Renal Transport

Question 1

different transport mechanisms by energy source

Answer 1

Passive: down EC gradient
- simply or facilitated (pores, channels, carrier proteins) diffusion

active transport: against EC gradient, requires E

• primary= using ATP hydrolysis
• secondary=coupling transport up EC gradient with transport down EC gradient

Question 2

unique properties of epithelial cells, how these influence transport along nephron

Answer 2

• polar (distinct apical and basolateral)
• tight junctions near apical surface segregate membrane surfaces, determine transport directionality
• electric potential diff across peritubular space (0mV) and lumen with can be -, +, or 0
• apical SA amplified by brush border

Question 3

major pathways of Na+ transport along nephron, how distribution of tranposrters (apical/basal) allow regulation of transport

Answer 3

BULK Na+ reabsorption in PT
Regulation of Na+ reabsorption in CD

transport depends on:

• available transporters
• regional permeability
• composition delivered tubular fluid
• transepithelial voltage gradient

Question 4

proximal tubule Na+ reabsorption

Answer 4

Na+ reabsorption coupled with HCO3- reclamation

Na/K ATPase establish gradient
NHE3-Na/H exchanger- initiates Na+ reabsorption, secretes H+ into tubular lumen
NBC1-Na/HCO3- completes Na+ reabsorption, reclaims intracellularly produced HCO3-

OR coupled wo other solutes (glucose, a.a.)

Question 5

proximal tubule H2O/Cl reabsorption

Answer 5

Na+ reabs. promotes this.

bulk H2O movement will pull Cl- across tight junctions (solvent drag)
transepithelial EC gradient promotes paracellular CL- transport
transcellular Cl- transport path: apical and basolateral transporter

Question 6

thick ascending limb Na+ reabsorption

Answer 6

ascending thin limb = some passive Na_ reabsorption

TAL: NCC2 and Na/K ATPase
- generates hypertonic interstitium, hypotonic tubular fluid that re-enters cortex in DCT
- K+ recycled to tubular lumen, creates lumen-positive
which promotes paracellular cation reabsorption

Question 7

distal tubule Na+ reabsorption

Answer 7

principal cells of DCT

first portion relies on NCC
second relies on NCC and ENaC

Question 8

CD Na+ reabsorption

Answer 8

principal cells of CD rely on ENaC
site of regulation. tuned by aldosterone
aldosterone enhances ENaC synthesis, and insertion of ENaC apical, and open probability

Question 9

K+ Reabsorption/secretion basics

Answer 9

BULK reabsorption occurs in PT (same for all K+ levels)
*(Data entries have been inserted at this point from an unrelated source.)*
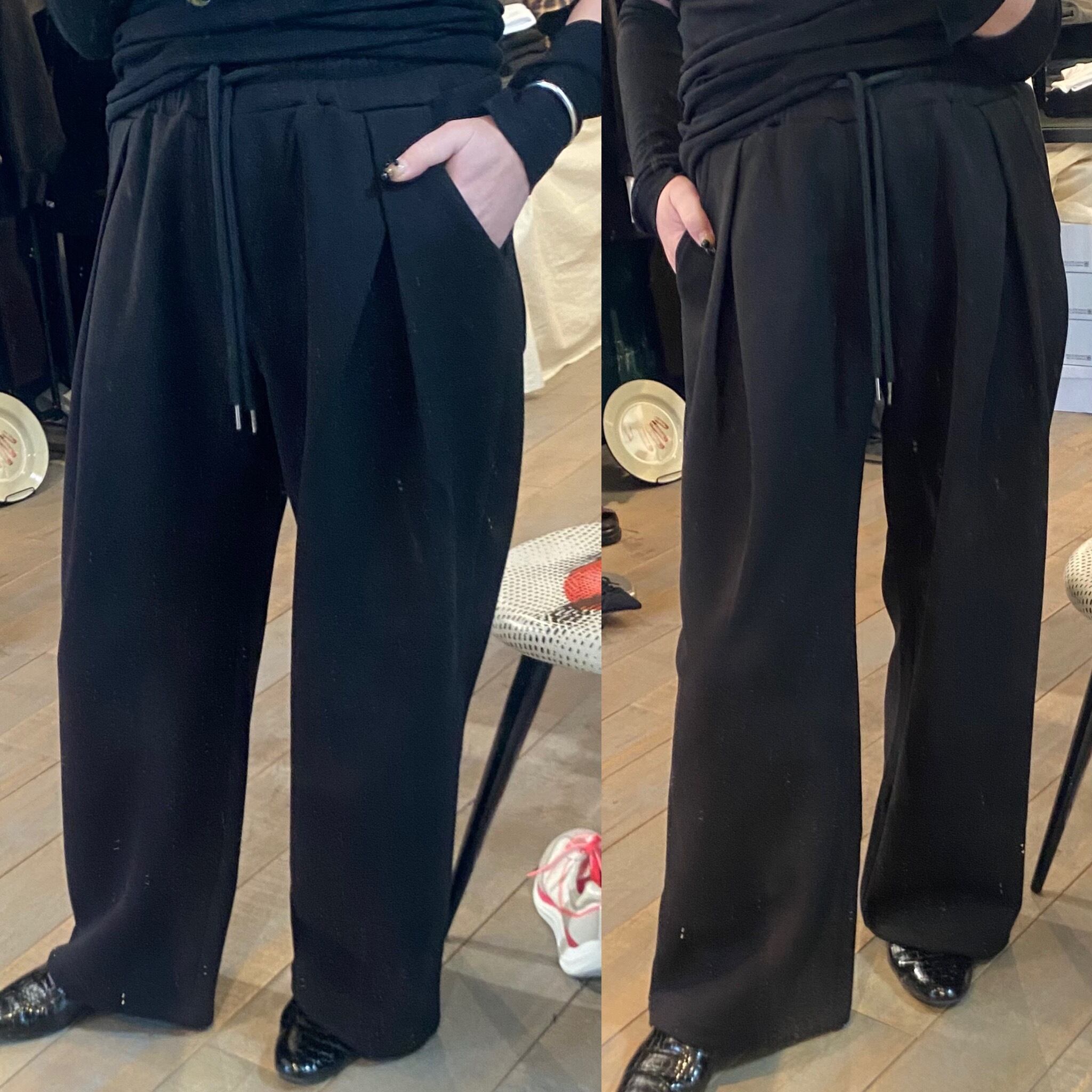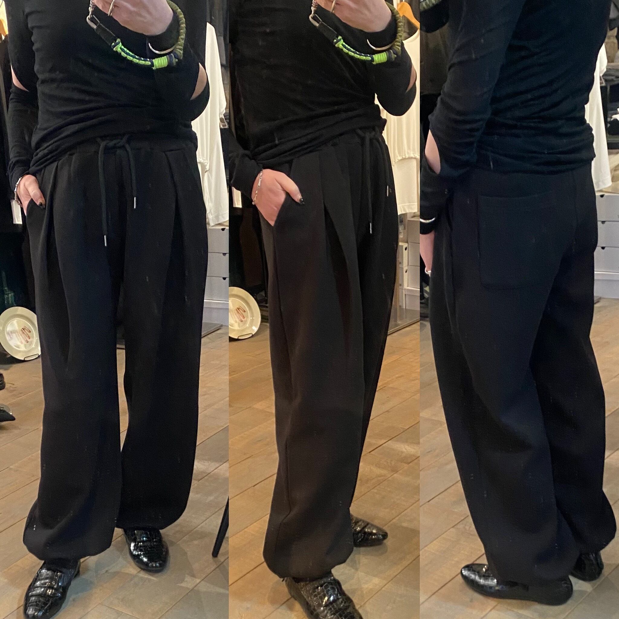 履き心地抜群のスウェットパンツ。ウエストは紐で調節可能。両サイドポケット有り。裾のドローコードでシルエットの変化をつけられます。フロントタックデザインで、スウェットですがモードさも兼ね備えコーディネートの幅を広げます。シーズンレスで着用可能。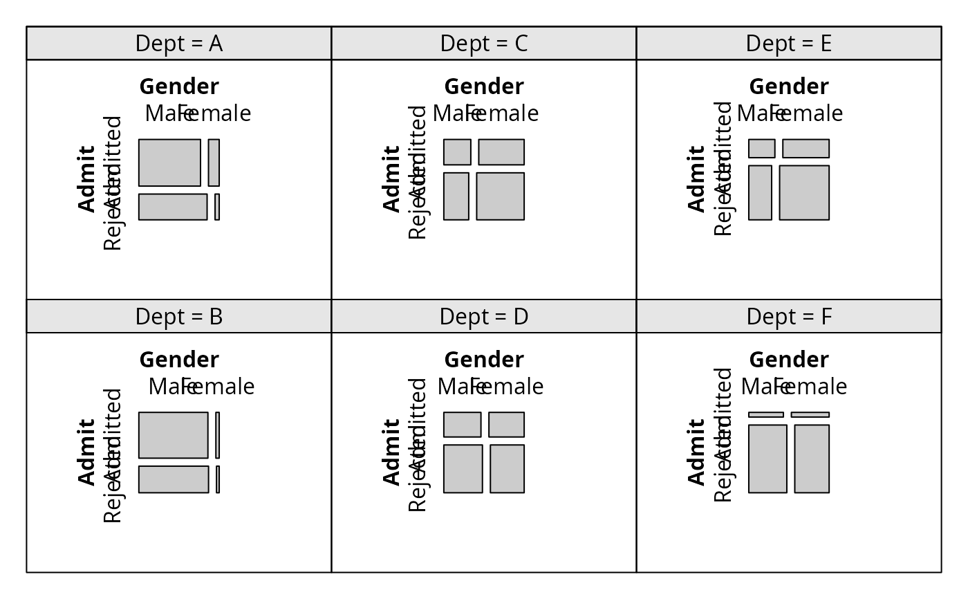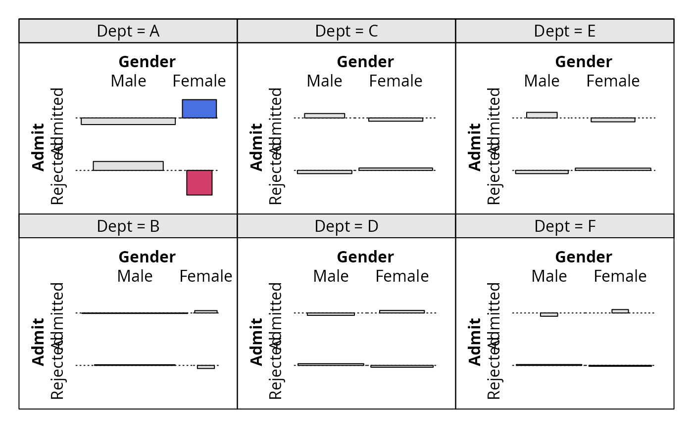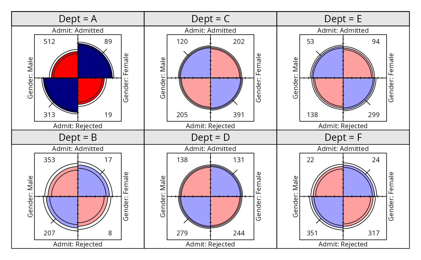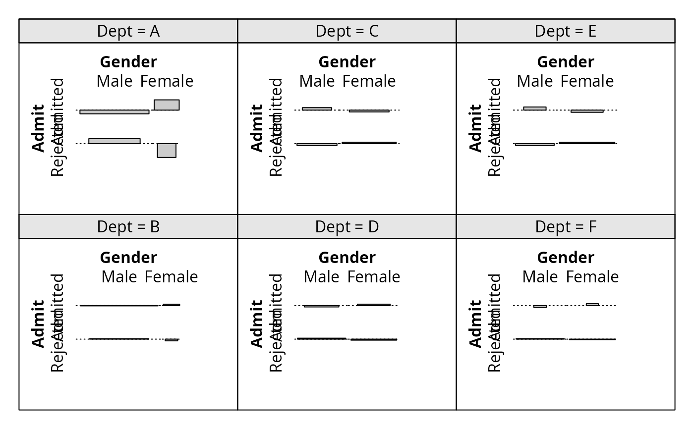 cotabplot(~ Admit + Gender | Dept, data = UCBAdmissions)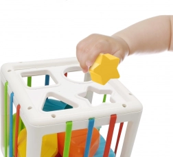 ✅ Multifunkcionalitás: A játék kocka szelejtezőként (formabedobó) és csörgőként is működik. A gyerekek rázogatva kellemes hangokat hallanak, ami tovább stimulálja érzékeiket.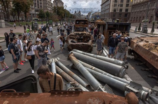 W Kijowie odbywa się wystawa zniszczonego rosyjskiego sprzętu wojskowego. „Wróg planował zorganizować »paradę« na Chreszczatyku w kilka dni (od rozpoczęcia inwazji - red.). Rosjanom się nie udało. Nasze siły zbrojne odpowiedziały” - skomentował wiceszef Kancelarii Prezydenta Ukrainy Kyryło Tymoszenko.
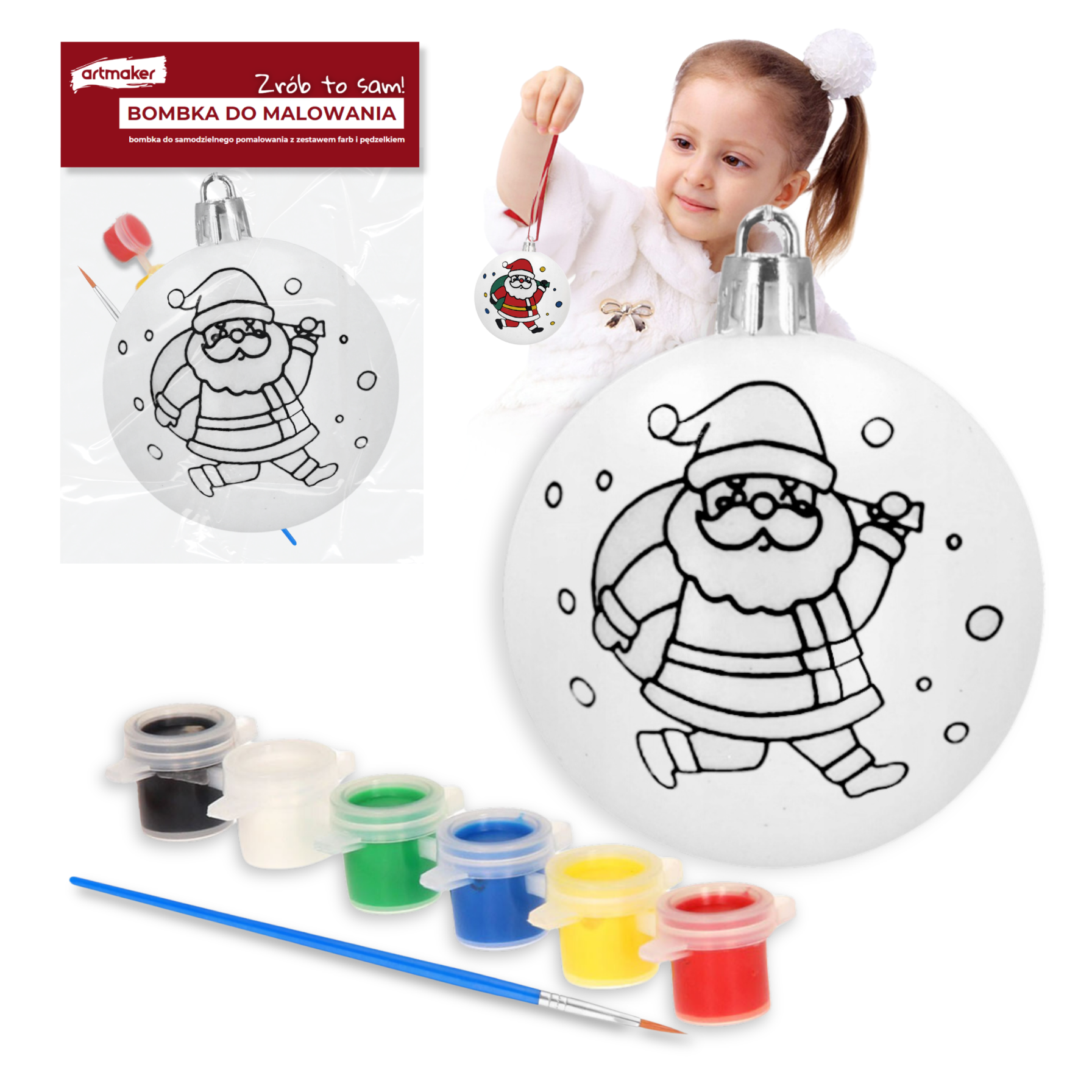 Ten wyjątkowy zestaw bombki do malowania to doskonały pomysł na świąteczny prezent dla dzieci i dorosłych, którzy chcą wprowadzić osobisty akcent do swoich dekoracji. Zestaw zawiera 1 plastikową bombkę z nadrukiem Mikołaja. Do zestawu dołączone są również 6 farb akrylowych oraz pędzelek, dzięki czemu bombkę można łatwo zawiesić na choince po pomalowaniu.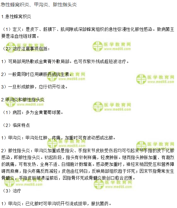- · 急性蜂窩織炎、甲溝炎、膿性指頭炎的病—臨床助理考點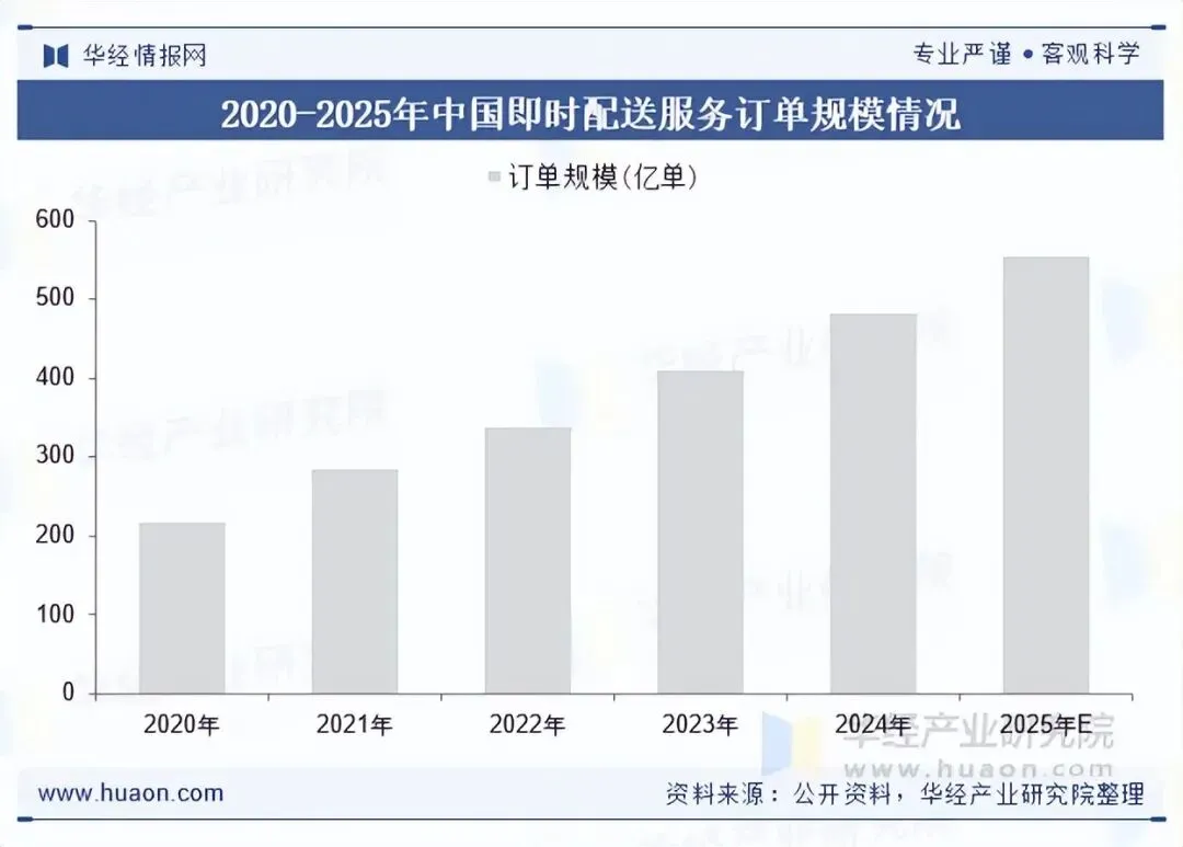 即时配送车辆高频启停、行驶里程固定,新能源皮卡的用电成本远低于燃油车,并且新能源皮卡的保养流程简单,无需频繁更换机油,保养频次和费用都远低于燃油车型,契合配送从业者对低成本运营的核心诉求。2024年,中国即时配送服务订单规模约为482.8亿单。

Regulation K+ reabsorption/secretion occurs in CD
normal/elevated levels = secretion predominates
low levels=reabsorption

Question 10

PT K+ reabsorption

Answer 10

two paths:

1. solvent drag k+ reabsorption (early PT)
   - active Na+ reabsorption drives H2O reabsorption, coupled with K+
2. paracellular diffusion (late PT)
   - positive lumen drives

Question 11

composition of tubular fluid along PT

Answer 11

changes markedly.

• glucose/a.a./HCO3- largely reabsorbed
• amount H2O reduced (know this bc amount inulin is constant, but [] increases)
• H2O follows Na+ movement

also, transepithelial potential is negative at beginning, then becomes positive

flow rate decreases progressively, due to loss H2O

Question 12

TAL K+ reabsorption

Answer 12

2 paths:

1. transcellular K+ reabsorption
   - Na/K ATPase provides gradient for NKCC2
   - basolateral KCC and K+ channels
2. paracellular diffusion
   - some K+ needs to be recycled to tubular lumen, creates lumen-positive voltage, drives diffusion

Question 13

DCT K+ Secretion

Answer 13

KCC located apically = major pathway
couples basolateral NA/K ATPase activity to apical K+ transport

DCT late secretion relies on apical KCC and ROMK

Question 14

CD K+ handling, normal/elevated VS low levels K+

Answer 14

normal/elevated: similar to DCT late, relies on apical KCC and ROMK in principal cells

low levels: K+ reabsorption in CD alpha-intercalated cells. apical H/K+ ATPase brings K+ into cell and reabsorption completed by basolateral channel.